My Ex-Boyfriend

Source: D-Listed:


I’m typing this post with one hand, because my other hand is consoling my no-no hole. It’s scared and confused after hearing this story.

This past Monday night, two cops in Indiana were on their normal patrol when they noticed a naked dude in the window of his home. The window’s blinds were not closed, so everyone could see the naked pepaw and his shriveled cucumber. The two cops approached the pepaw’s door, which was wide open. They went inside and discovered some fucked up shit. I mean, fucked up shit! Cover your a-hole when read the next part.
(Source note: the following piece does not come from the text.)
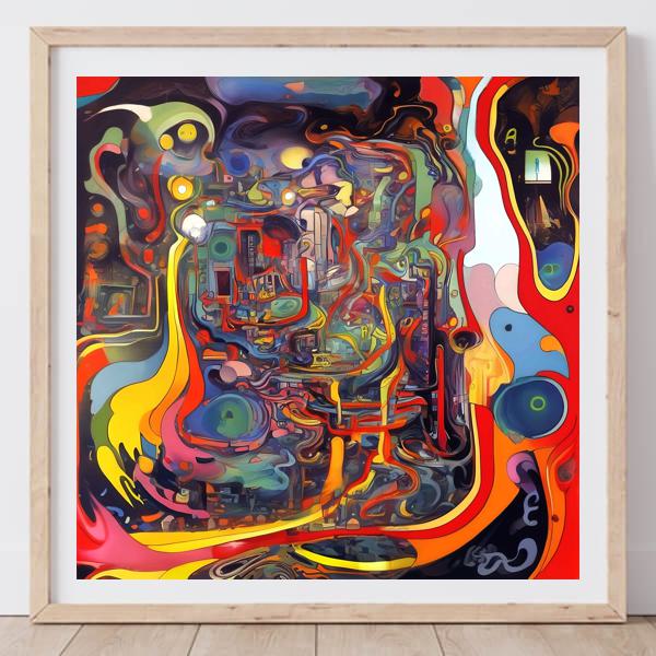 画面いっぱいに赤や黄の帯がうねり,青や緑の塊が浮かびます. 線は絡み合って迷路のようになり,中心へ視線を引き込みます. 層が重なって機械の回路や都市の配管にも見えますが,ところどころに柔らかな光が差し,生き物の体内のようにも感じられます. 右端の細い空間は扉のように明るく,混沌のなかの出口を示しているようです.

You don’t want it to cry, because that will just make everything a mess.

The pepaw was on his sofa nailing himself in the ass with a claw hammer! The claw hammer was covered in a plastic bag and shoved up there. The cops also noticed some lube-type shit all over his genitals and nalgas. It was motor oil. Okay, let’s take a moment and think about this for a second. Now the police report didn’t say which part of the claw hammer was up his ass. Please don’t tell me it was the claw part, because my asshole will start bawling and I’m wearing my last clean pair of panties.

I mean, I’m all for sticking shit up your ass, whatever you gotta do to get yours, but damn! Pepaw is going to pull out a kidney or something.
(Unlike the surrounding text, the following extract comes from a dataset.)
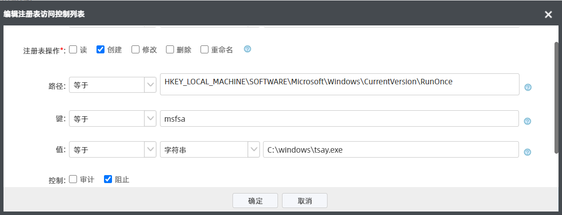● 監(jiān)測(cè)并禁止創(chuàng)建注冊(cè)表值

He obviously has some sort of fetish for tools. I don’t even want to think about what he does with a hand brace or a sledgehammer. And what’s with the motor oil? Was his ass squeaky or something?
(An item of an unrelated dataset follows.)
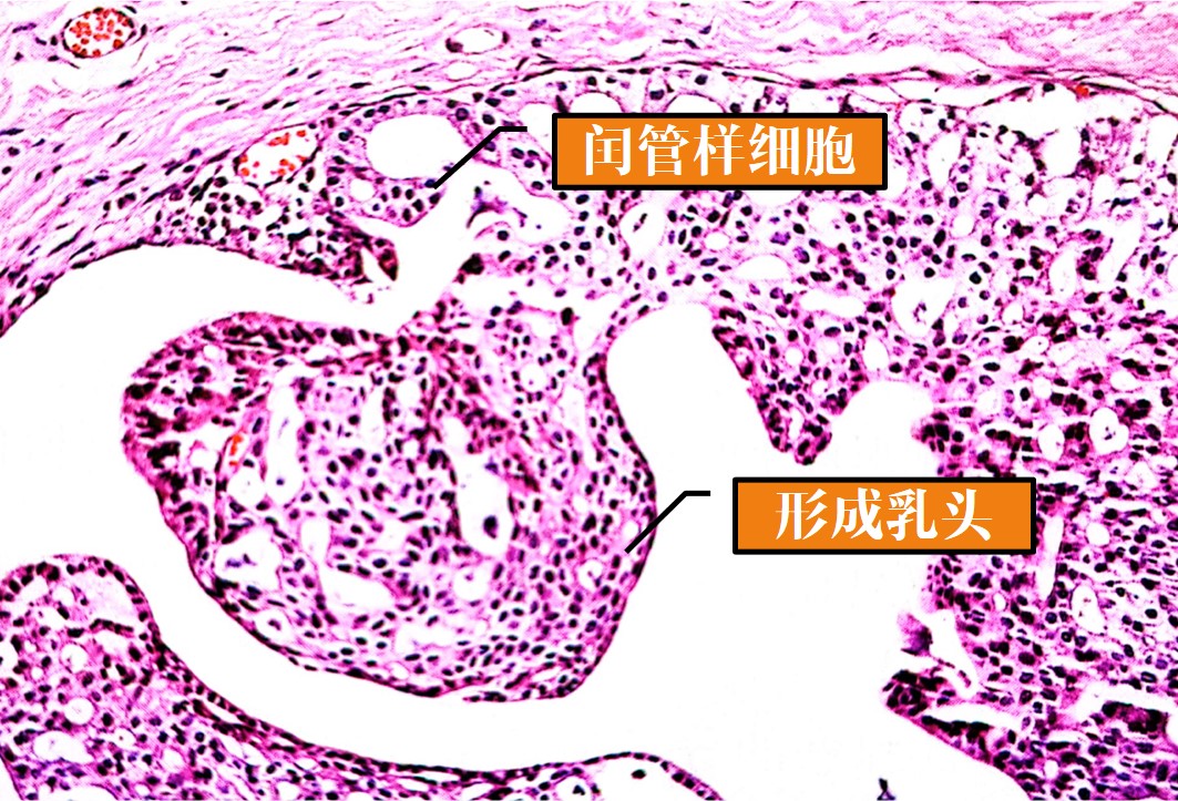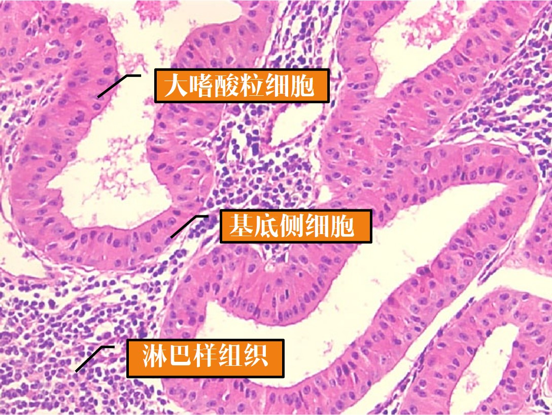 囊腔内衬上皮由双层细胞构成,腔面侧为大嗜酸粒细胞,柱状上皮细胞;排列呈栅栏状,基底侧细胞较小,呈扁平状或立方状。

The pepaw was arrested for felony public indecency. He asked for a second chance, but the cops denied him when they found out he had a previous conviction for public indecency.

The cops also interviewed a neighbor lady who said he’s always naked in front of his window. She went on to say, “He does it 24/24. He’s not right.” Wait till she hears about the sexy things he can do with a claw hammer.